■ **DATA FOR THE TASK**:

****

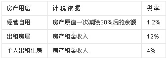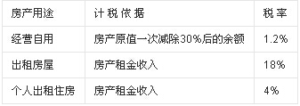 計算依據采用從價計稅和從租計稅,具體稅率如下:
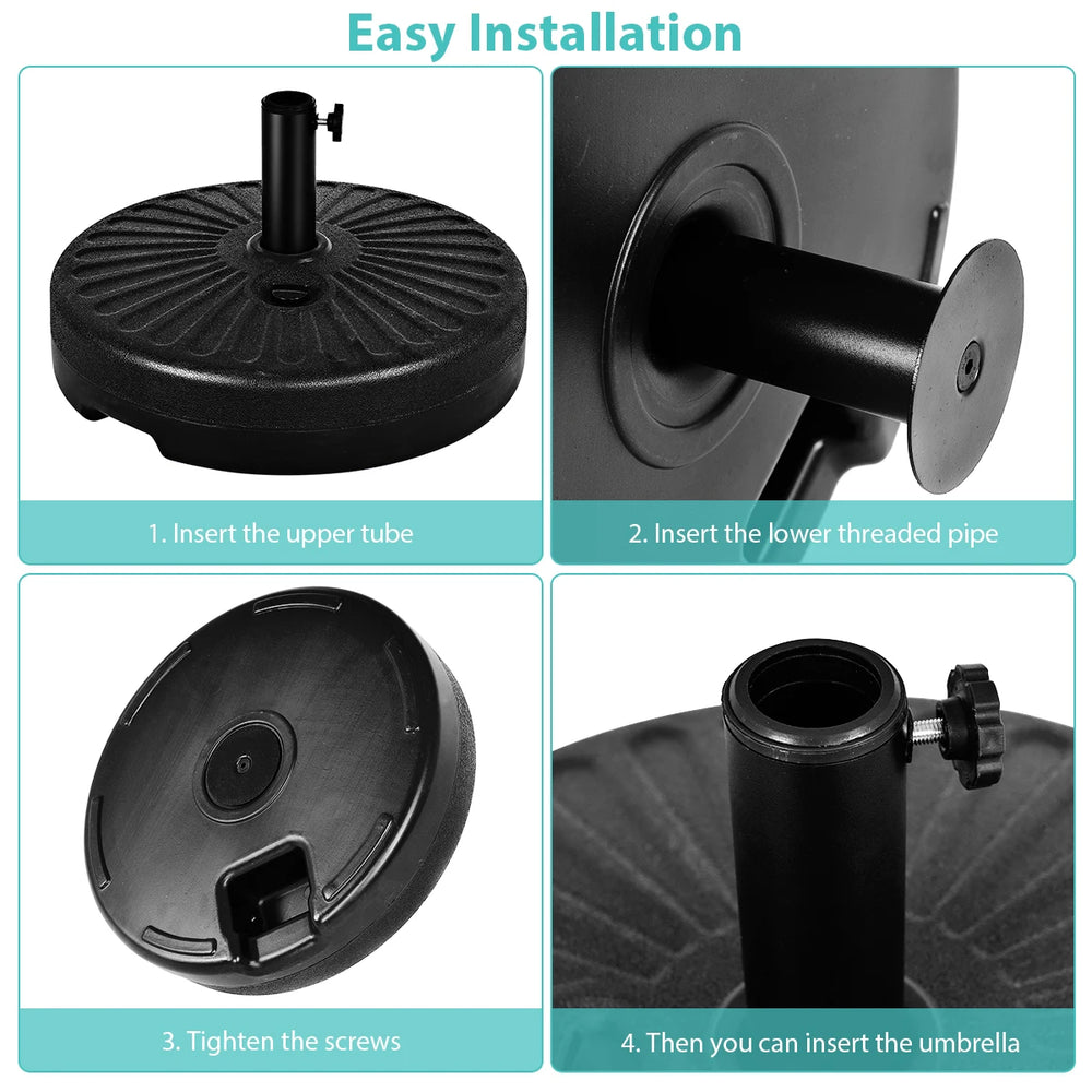 Material: HDPE and steel Product size: 20.0" x 4.7"(Dia x H) Product weight: 4.8 lbs Suit for Φ38mm or Φ48mm umbrella pole 23L water needed to fill full the umbrella base Package include: 1 x Water-filled umbrella base
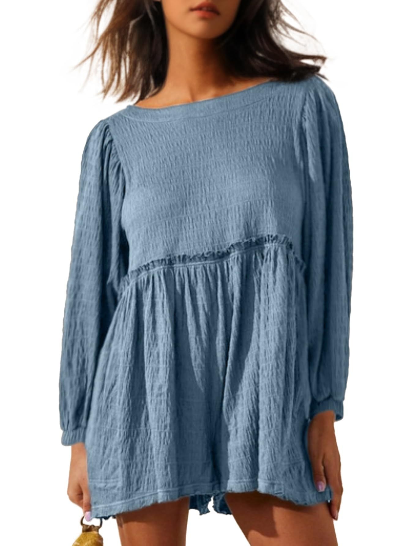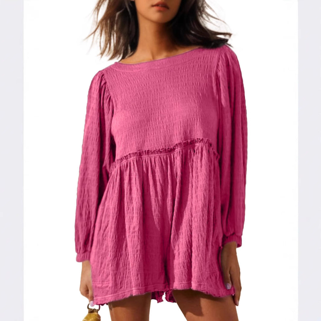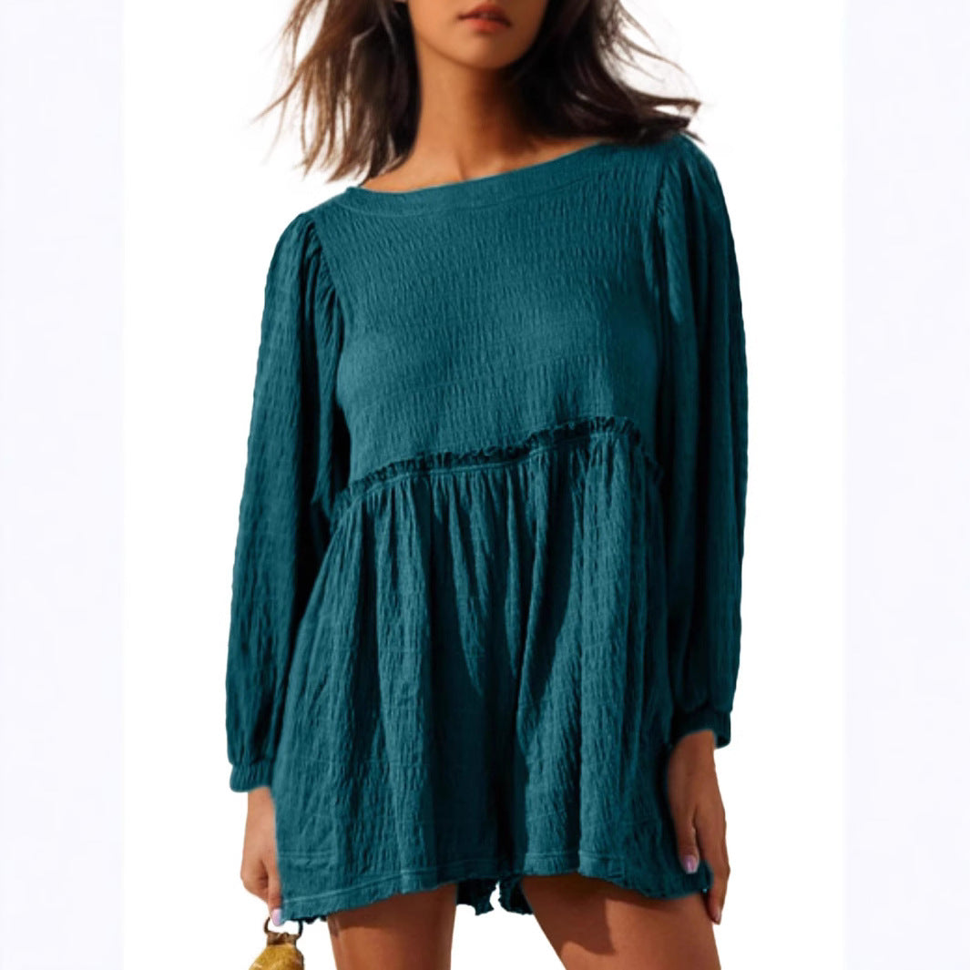 Opdag vores dames afslappede blusekjole med brede ærmer og volanter fra Stilla, der er ideel til afslappede dage og glade anledninger.
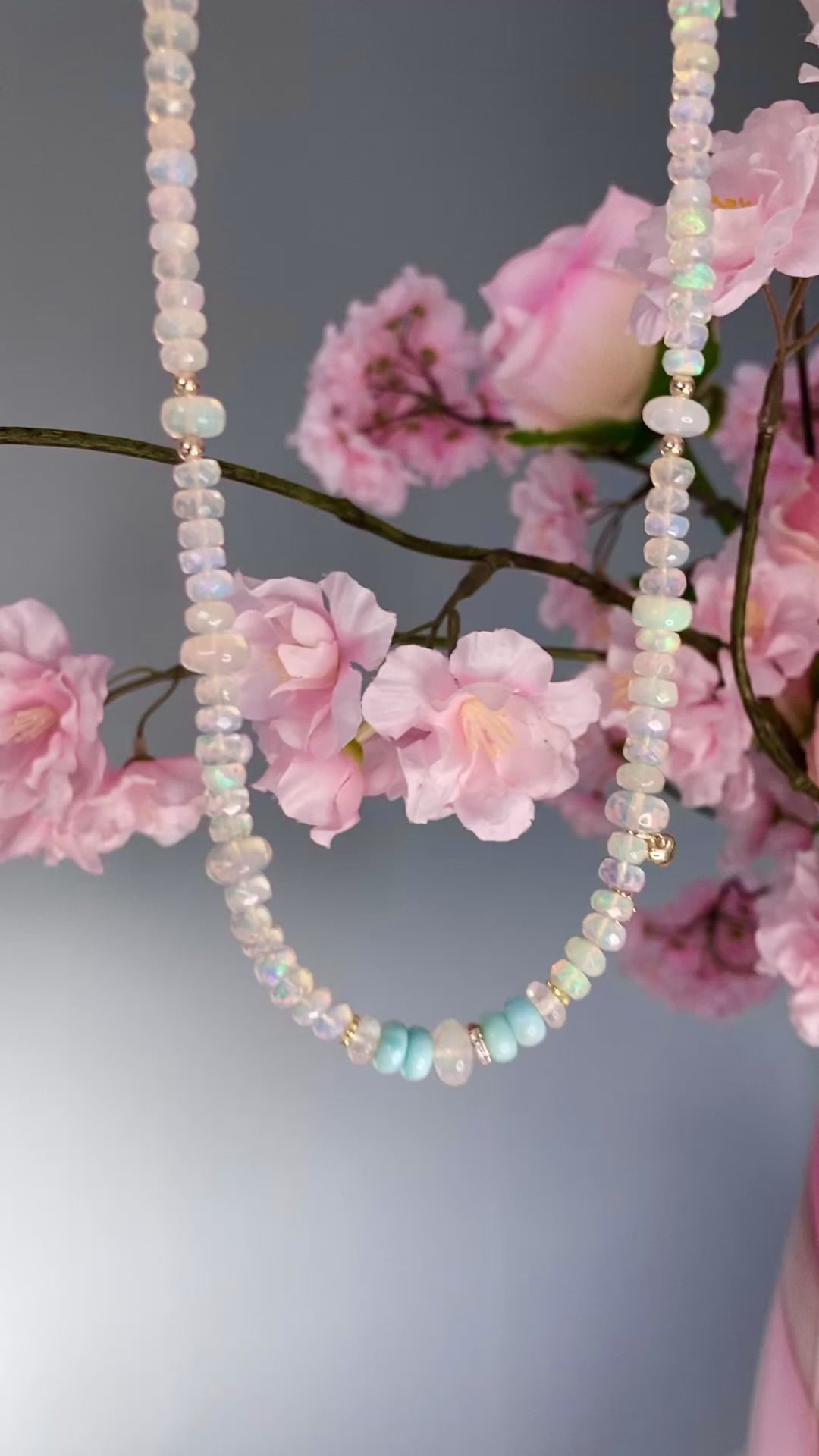 Royal Ethiopian Welo Opal Beaded Necklace with Gold Charms
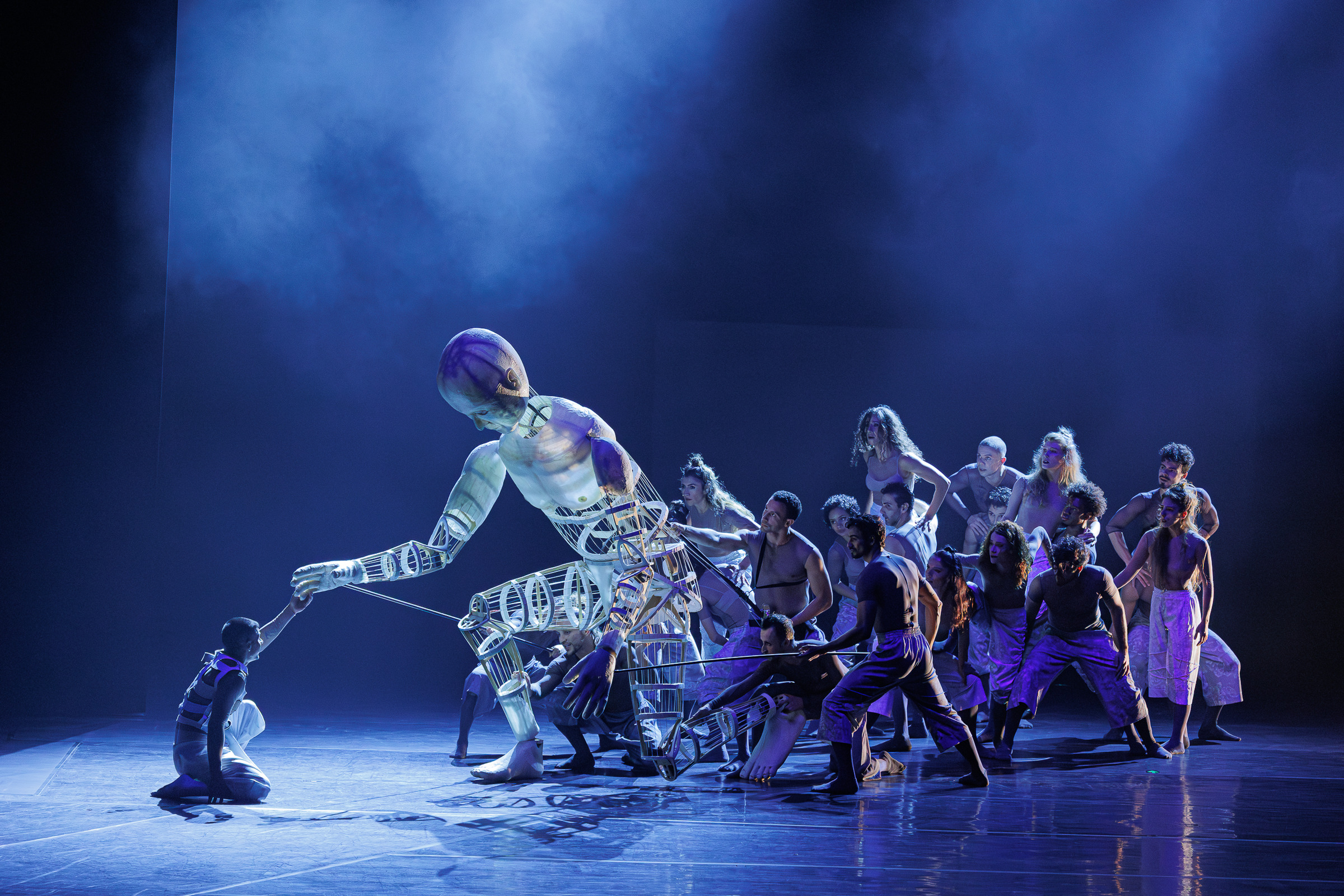 Lançado em 2023, “Contraponto” reúne duas obras. “Anima – Imensidão Adentro”, de Alan Keller, abre a noite com uma imersão sensorial e um universo onírico. A criação incorpora elementos do teatro de formas animadas e inclui um boneco de três metros de altura, símbolo da montagem.
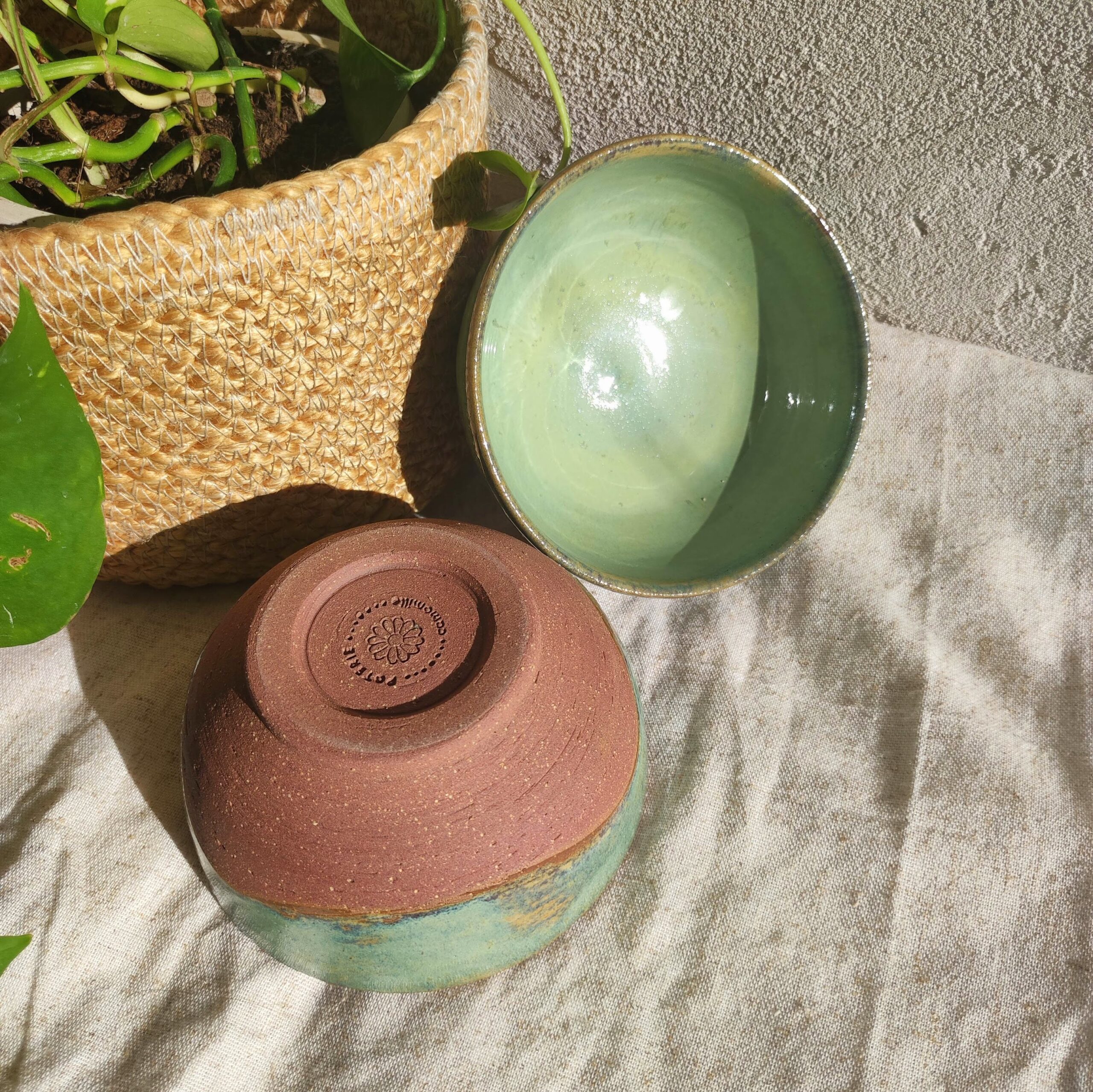 Deux bols en grès roux, fabriqués à la main et émaillés d’un vert irisé profond, aux nuances changeantes selon la lumière. Le feu leur a offert une personnalité propre, rendant chaque bol singulier. Parfaits pour les petits-déjeuners réconfortants, les soupes fumantes ou les rituels du quotidien, ces bols invitent à ralentir et à savourer l’instant, comme un petit sort de douceur posé sur la table.
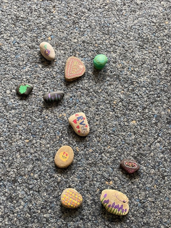 Was Glück bedeutet, wurden auch die 5. bis 7.-Klässler, die das Projekt gewählt haben, gefragt. Sie haben ihre Ideen und Gefühle an einer Pinnwand gesammelt und sind zu dem Ergebnis gekommen, dass es viele große und auch kleine Dinge gibt, welche uns glücklich machen. Die meisten nannten Familie, Essen, (Haus-)Tiere und Urlaub, aber auch das Teilen von Glück mit Freunden wurde angesprochen. Daraufhin wurde anhand eines Filmes erklärt, was geteiltes Glück bedeutet. Die Schüler durften dann Glückssteine für sich oder für Freunde und Familie bemalen, um genau dieses mit ihnen zu teilen. In einem Interview mit Frau Keyser und Frau Schmidt erfuhren wir, dass den Lehrern häufig auffällt, dass viele Schüler nach dem Corona-Lockdown verschlossener und trauriger wirken. Deshalb haben sie auch das Projekt „Glück erleben und eigenes Glücksrezept entwickeln“ auf die Beine gestellt. Tipps, um glücklicher zu sein, sind zum Beispiel, sich immer wieder vergangene Glücksmomente bewusst zu machen und die Gedanken auf Positives zu lenken. Allerdings macht jeden etwas anderes glücklich, beispielsweise gutes Essen, sportliche Aktivität usw. Auch das Glück zu teilen kann glücklich machen, das bedeutet letztendlich, anderen eine Freude zu machen.
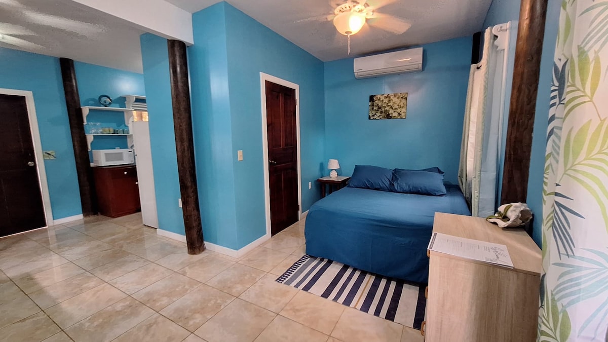 Studio conveniently located in an attractive, safe, residential community between West End and West Bay. Accessible by car, water taxi, & beach. Only 70 meters from uncrowded Turtle Beach, Clearwater Adventures - Roatan's top dive shop, The Boat Bar & several high-end bars/dining - all a 5-min walk on the beach! Snorkel & swim steps from shore. Comfortable room with a view of nature. WiFi, cable TV, AC, and free Roatan Disc Golf.
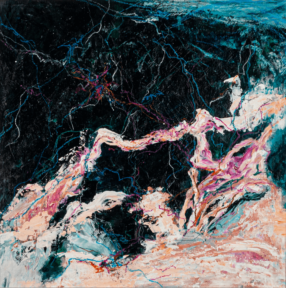 The artwork is experimental and full of movement. It blends acrylic paint, oil pastels, and mixed media to form a vibrant surface. As it is framed, it can easily become a powerful statement piece . It fits well in modern interiors and adds emotional depth to any space.

****

■ **WHAT YOU ARE ASKED TO DO**:
Although the records above contain pictures, the copy should hold only the lines from their start through the line containing "Deux bols en", each exactly as written, and none of the pictures.

■ **ANSWER FOR THIS EXERCISE**:
 計算依據采用從價計稅和從租計稅,具體稅率如下:
 Material: HDPE and steel Product size: 20.0" x 4.7"(Dia x H) Product weight: 4.8 lbs Suit for Φ38mm or Φ48mm umbrella pole 23L water needed to fill full the umbrella base Package include: 1 x Water-filled umbrella base
 Opdag vores dames afslappede blusekjole med brede ærmer og volanter fra Stilla, der er ideel til afslappede dage og glade anledninger.
 Royal Ethiopian Welo Opal Beaded Necklace with Gold Charms
 Lançado em 2023, “Contraponto” reúne duas obras. “Anima – Imensidão Adentro”, de Alan Keller, abre a noite com uma imersão sensorial e um universo onírico. A criação incorpora elementos do teatro de formas animadas e inclui um boneco de três metros de altura, símbolo da montagem.
 Deux bols en grès roux, fabriqués à la main et émaillés d’un vert irisé profond, aux nuances changeantes selon la lumière. Le feu leur a offert une personnalité propre, rendant chaque bol singulier. Parfaits pour les petits-déjeuners réconfortants, les soupes fumantes ou les rituels du quotidien, ces bols invitent à ralentir et à savourer l’instant, comme un petit sort de douceur posé sur la table.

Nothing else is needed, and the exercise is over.